* EXERCISE DETAILS:
Your answer must be the exact lines of the listing below that run from the line with "Poster de um" to the line with "One of our longtime", ends included, and no pictures.

* INFORMATION PROVIDED:
|---|
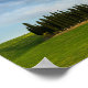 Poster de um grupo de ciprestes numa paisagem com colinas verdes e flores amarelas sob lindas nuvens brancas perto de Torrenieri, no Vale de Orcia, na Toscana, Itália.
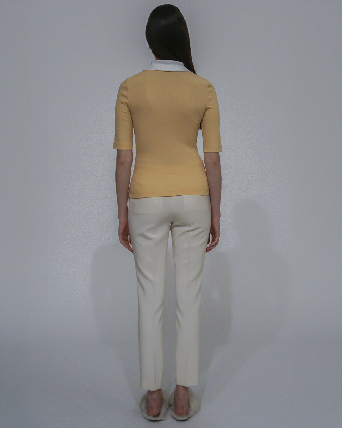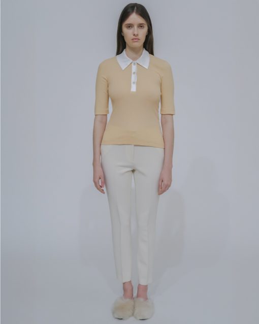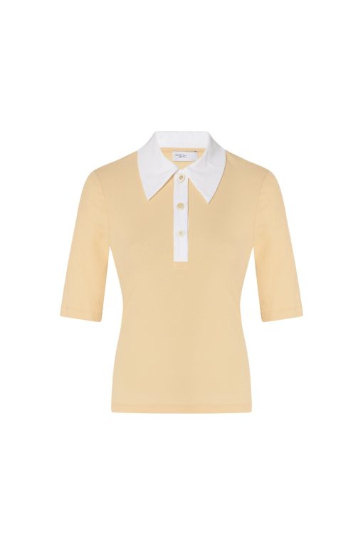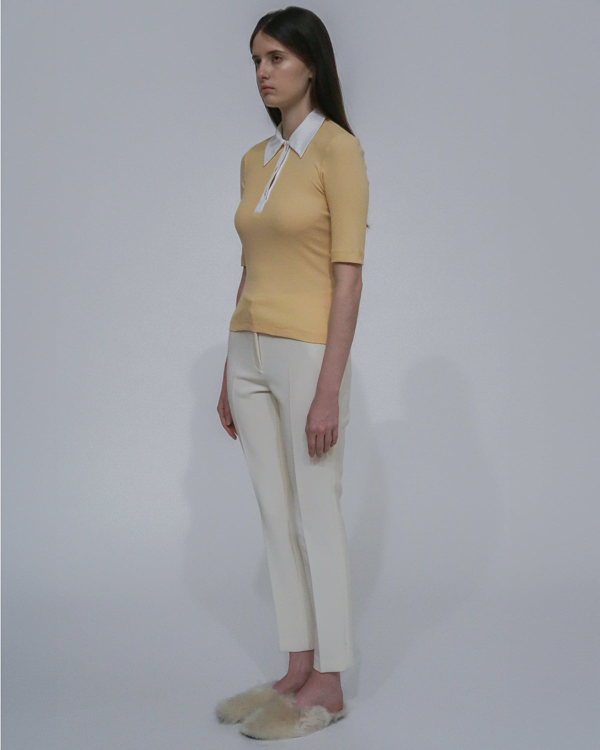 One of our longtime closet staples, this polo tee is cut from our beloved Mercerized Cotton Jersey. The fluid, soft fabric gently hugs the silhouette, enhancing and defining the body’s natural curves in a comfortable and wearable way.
|---|
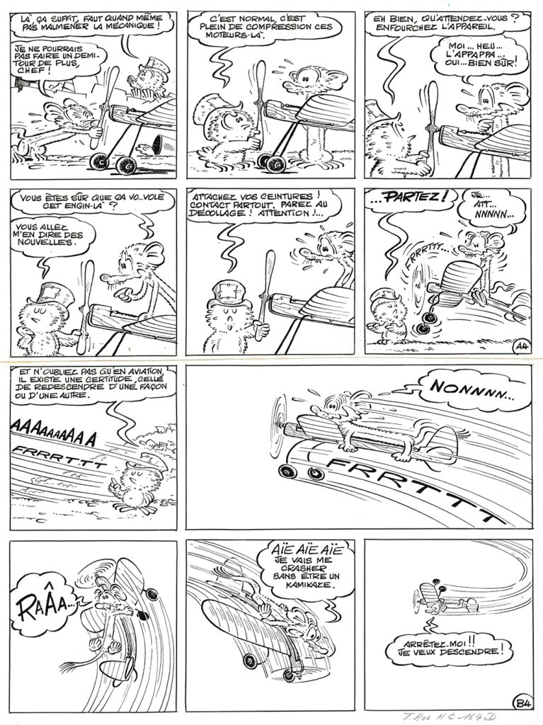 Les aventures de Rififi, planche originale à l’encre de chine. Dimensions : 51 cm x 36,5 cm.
|---|
* PROBLEM SOLUTION:
 Poster de um grupo de ciprestes numa paisagem com colinas verdes e flores amarelas sob lindas nuvens brancas perto de Torrenieri, no Vale de Orcia, na Toscana, Itália.
 One of our longtime closet staples, this polo tee is cut from our beloved Mercerized Cotton Jersey. The fluid, soft fabric gently hugs the silhouette, enhancing and defining the body’s natural curves in a comfortable and wearable way.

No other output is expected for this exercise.